◆ Data extracts ◆
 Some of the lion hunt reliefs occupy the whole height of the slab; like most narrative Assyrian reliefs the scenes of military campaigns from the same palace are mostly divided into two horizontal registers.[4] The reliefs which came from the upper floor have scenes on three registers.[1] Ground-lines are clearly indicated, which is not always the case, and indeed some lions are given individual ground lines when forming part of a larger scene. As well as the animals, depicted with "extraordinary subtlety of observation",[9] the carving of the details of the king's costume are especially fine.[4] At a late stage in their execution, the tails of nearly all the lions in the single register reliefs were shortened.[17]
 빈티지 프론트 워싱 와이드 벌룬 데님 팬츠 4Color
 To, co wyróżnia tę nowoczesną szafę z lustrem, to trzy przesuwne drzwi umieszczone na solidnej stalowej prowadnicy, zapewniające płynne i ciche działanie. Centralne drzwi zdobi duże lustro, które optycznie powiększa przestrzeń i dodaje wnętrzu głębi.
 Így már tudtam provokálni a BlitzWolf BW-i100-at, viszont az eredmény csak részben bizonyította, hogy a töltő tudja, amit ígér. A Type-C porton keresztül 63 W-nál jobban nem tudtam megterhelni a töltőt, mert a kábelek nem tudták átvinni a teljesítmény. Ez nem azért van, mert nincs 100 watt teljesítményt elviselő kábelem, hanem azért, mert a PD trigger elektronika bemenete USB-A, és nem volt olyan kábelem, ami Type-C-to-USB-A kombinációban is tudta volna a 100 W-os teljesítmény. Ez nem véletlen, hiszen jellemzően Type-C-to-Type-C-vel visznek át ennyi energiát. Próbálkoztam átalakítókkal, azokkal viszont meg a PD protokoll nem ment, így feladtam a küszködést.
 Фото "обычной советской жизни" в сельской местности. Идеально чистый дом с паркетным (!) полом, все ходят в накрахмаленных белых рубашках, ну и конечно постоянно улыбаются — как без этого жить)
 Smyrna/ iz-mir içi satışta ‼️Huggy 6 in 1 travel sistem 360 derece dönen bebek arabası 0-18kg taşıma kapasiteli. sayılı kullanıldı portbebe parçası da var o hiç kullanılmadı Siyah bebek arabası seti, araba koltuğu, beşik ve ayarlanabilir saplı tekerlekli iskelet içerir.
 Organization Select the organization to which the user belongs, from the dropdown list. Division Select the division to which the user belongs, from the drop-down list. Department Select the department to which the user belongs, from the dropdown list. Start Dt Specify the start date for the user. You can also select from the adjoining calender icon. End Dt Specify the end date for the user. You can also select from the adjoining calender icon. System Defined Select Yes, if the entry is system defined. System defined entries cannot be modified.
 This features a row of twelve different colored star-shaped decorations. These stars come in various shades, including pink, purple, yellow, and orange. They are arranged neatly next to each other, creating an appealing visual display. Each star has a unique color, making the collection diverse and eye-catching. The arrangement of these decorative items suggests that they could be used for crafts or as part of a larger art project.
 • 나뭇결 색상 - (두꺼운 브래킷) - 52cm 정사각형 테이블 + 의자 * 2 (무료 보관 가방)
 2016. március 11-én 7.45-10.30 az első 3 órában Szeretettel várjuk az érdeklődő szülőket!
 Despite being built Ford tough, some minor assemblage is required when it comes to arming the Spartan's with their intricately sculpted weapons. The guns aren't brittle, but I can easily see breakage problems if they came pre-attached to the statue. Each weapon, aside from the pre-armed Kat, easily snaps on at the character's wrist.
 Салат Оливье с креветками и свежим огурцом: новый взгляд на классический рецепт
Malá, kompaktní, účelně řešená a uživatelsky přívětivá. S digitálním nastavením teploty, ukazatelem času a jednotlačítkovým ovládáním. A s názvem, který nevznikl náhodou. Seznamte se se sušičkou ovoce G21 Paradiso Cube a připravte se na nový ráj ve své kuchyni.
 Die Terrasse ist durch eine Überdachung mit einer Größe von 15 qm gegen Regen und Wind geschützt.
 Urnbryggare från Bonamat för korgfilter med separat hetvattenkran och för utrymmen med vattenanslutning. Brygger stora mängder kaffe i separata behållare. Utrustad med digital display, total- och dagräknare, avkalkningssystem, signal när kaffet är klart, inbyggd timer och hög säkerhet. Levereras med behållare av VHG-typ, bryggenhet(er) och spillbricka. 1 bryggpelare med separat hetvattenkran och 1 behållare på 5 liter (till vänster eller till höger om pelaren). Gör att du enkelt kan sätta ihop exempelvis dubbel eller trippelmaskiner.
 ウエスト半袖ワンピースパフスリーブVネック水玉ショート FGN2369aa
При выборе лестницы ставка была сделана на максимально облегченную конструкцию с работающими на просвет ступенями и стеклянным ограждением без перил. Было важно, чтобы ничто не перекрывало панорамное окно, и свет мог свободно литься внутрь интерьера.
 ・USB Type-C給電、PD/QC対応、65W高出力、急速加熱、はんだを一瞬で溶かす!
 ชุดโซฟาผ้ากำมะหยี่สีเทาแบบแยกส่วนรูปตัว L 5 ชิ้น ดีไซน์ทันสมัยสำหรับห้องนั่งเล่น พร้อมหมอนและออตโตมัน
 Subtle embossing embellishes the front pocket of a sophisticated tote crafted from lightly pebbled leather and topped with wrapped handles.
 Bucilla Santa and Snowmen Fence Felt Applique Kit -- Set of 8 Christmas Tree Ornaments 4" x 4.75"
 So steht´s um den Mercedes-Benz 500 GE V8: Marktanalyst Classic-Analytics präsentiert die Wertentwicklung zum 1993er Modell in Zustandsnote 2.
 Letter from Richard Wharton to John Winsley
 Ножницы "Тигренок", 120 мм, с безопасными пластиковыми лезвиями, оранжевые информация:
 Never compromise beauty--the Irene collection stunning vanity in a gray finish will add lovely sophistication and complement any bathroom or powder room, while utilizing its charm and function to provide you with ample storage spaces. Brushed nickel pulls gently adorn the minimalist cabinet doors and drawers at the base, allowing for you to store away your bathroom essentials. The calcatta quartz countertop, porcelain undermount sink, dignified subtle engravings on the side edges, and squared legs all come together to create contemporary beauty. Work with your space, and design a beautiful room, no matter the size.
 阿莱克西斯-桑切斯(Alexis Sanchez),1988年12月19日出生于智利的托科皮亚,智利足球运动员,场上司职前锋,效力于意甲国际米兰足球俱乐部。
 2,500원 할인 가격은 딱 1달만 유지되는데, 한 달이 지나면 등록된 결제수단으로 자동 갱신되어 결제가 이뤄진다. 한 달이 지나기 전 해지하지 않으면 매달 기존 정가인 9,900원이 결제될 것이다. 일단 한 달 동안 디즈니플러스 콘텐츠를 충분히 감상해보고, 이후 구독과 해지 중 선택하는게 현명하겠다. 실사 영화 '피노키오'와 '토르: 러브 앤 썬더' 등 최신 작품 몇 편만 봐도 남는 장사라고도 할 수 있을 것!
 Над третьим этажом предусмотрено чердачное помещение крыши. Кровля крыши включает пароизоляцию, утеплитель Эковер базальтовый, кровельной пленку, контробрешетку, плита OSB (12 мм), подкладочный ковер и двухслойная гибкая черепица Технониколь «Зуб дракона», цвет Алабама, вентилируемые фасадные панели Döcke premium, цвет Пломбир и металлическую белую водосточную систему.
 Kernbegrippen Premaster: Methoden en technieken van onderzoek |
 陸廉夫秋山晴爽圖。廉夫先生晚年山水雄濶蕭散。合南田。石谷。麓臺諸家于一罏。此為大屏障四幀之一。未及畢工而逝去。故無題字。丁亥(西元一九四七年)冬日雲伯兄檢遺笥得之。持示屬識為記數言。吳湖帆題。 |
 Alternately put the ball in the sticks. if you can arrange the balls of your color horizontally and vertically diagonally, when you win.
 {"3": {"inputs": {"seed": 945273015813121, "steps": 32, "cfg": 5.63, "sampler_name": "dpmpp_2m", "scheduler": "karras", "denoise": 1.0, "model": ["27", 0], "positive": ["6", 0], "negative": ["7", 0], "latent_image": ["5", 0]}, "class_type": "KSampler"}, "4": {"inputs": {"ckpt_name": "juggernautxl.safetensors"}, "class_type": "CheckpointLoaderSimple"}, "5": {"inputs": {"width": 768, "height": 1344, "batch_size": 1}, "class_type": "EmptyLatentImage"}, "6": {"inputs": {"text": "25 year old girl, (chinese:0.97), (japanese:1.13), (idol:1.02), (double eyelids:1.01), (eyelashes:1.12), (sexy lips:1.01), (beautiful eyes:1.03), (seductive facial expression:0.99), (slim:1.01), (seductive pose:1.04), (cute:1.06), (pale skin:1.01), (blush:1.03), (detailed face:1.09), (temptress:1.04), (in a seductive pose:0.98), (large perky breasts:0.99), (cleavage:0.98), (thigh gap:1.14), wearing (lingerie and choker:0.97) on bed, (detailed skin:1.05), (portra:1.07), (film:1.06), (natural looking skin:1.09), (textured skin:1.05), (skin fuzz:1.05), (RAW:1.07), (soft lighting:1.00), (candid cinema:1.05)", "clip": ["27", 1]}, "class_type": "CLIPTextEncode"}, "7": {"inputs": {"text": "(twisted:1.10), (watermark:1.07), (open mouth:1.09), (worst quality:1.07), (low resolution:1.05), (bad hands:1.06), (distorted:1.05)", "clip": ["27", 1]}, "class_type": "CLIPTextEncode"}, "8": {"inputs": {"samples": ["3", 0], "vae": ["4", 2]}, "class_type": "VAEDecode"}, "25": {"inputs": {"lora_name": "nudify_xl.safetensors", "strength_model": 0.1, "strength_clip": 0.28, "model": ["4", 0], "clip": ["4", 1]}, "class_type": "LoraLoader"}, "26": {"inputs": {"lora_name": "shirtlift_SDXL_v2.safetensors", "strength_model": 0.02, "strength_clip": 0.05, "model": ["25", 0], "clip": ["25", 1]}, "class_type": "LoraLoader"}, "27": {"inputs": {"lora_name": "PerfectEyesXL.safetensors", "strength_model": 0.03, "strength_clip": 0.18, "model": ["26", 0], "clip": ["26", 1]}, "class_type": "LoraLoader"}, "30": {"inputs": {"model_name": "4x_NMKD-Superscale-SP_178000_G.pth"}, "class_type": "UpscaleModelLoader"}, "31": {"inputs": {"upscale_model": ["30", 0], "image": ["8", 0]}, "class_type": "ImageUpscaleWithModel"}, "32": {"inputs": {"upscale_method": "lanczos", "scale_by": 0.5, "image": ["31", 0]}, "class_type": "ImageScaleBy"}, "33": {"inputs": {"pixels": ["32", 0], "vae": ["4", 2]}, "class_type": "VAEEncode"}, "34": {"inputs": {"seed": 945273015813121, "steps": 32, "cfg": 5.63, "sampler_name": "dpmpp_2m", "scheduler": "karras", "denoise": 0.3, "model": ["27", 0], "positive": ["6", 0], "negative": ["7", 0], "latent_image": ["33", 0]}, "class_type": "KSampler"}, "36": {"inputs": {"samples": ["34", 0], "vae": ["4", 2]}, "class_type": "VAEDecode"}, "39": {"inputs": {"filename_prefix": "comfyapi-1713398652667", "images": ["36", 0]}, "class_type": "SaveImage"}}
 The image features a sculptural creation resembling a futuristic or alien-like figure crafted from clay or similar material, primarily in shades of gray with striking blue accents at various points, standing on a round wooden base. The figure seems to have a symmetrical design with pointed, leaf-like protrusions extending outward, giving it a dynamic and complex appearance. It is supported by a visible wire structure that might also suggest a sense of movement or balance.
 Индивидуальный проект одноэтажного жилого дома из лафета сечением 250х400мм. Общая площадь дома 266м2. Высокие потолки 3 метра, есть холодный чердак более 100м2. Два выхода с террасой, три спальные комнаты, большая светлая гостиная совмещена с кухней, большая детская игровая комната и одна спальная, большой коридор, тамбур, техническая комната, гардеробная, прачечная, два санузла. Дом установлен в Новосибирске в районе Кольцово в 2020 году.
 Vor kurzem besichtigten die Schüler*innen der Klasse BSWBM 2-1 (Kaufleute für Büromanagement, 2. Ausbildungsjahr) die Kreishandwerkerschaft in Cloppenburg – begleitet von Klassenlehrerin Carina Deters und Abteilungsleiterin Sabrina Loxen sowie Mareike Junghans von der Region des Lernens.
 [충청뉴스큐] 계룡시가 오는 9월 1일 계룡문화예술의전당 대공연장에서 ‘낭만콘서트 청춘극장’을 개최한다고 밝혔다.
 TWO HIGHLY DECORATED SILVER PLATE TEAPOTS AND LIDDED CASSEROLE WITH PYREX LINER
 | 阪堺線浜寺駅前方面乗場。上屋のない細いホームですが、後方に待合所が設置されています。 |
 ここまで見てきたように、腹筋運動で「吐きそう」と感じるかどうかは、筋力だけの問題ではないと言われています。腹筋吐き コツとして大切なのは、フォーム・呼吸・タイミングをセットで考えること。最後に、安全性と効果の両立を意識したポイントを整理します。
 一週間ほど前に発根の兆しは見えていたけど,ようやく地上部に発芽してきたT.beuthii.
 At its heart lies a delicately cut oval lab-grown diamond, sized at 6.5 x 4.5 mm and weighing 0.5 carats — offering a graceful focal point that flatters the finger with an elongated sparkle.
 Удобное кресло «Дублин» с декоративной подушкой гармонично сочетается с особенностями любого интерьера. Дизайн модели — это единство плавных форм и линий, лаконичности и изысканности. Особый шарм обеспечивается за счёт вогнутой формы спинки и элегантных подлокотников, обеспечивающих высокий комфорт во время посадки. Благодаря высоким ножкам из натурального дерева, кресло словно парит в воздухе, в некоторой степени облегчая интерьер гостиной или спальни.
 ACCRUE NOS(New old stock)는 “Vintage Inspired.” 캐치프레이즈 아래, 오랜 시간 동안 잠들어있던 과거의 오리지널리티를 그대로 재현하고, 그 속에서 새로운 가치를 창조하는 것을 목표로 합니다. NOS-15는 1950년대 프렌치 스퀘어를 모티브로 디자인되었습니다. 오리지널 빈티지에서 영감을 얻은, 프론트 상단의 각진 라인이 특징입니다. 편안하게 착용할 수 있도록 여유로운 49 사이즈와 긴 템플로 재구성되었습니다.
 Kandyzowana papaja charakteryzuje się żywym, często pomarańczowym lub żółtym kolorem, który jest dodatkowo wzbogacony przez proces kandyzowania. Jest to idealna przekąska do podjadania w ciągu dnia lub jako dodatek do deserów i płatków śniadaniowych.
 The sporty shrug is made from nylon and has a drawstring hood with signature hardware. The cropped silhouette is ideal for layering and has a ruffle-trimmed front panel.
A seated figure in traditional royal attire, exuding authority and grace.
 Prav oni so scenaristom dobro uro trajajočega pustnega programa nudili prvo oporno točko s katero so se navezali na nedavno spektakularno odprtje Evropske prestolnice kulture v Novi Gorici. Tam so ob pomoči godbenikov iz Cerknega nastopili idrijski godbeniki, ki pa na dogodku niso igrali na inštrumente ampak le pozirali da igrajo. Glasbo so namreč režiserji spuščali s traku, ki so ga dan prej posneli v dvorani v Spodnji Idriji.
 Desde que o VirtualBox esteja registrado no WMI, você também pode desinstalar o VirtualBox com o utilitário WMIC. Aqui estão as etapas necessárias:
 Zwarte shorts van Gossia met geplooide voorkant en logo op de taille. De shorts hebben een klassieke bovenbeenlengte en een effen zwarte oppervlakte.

◆ Prompt ◆
Of the entries above, repeat exactly the lines between the line with "2 (무료 보관 가방)" and the line with "ウエスト半袖ワンピースパフスリーブVネック水玉ショート FGN2369aa", inclusive, and no others.

◆ Solution below ◆
 • 나뭇결 색상 - (두꺼운 브래킷) - 52cm 정사각형 테이블 + 의자 * 2 (무료 보관 가방)
 2016. március 11-én 7.45-10.30 az első 3 órában Szeretettel várjuk az érdeklődő szülőket!
 Despite being built Ford tough, some minor assemblage is required when it comes to arming the Spartan's with their intricately sculpted weapons. The guns aren't brittle, but I can easily see breakage problems if they came pre-attached to the statue. Each weapon, aside from the pre-armed Kat, easily snaps on at the character's wrist.
 Салат Оливье с креветками и свежим огурцом: новый взгляд на классический рецепт
Malá, kompaktní, účelně řešená a uživatelsky přívětivá. S digitálním nastavením teploty, ukazatelem času a jednotlačítkovým ovládáním. A s názvem, který nevznikl náhodou. Seznamte se se sušičkou ovoce G21 Paradiso Cube a připravte se na nový ráj ve své kuchyni.
 Die Terrasse ist durch eine Überdachung mit einer Größe von 15 qm gegen Regen und Wind geschützt.
 Urnbryggare från Bonamat för korgfilter med separat hetvattenkran och för utrymmen med vattenanslutning. Brygger stora mängder kaffe i separata behållare. Utrustad med digital display, total- och dagräknare, avkalkningssystem, signal när kaffet är klart, inbyggd timer och hög säkerhet. Levereras med behållare av VHG-typ, bryggenhet(er) och spillbricka. 1 bryggpelare med separat hetvattenkran och 1 behållare på 5 liter (till vänster eller till höger om pelaren). Gör att du enkelt kan sätta ihop exempelvis dubbel eller trippelmaskiner.
 ウエスト半袖ワンピースパフスリーブVネック水玉ショート FGN2369aa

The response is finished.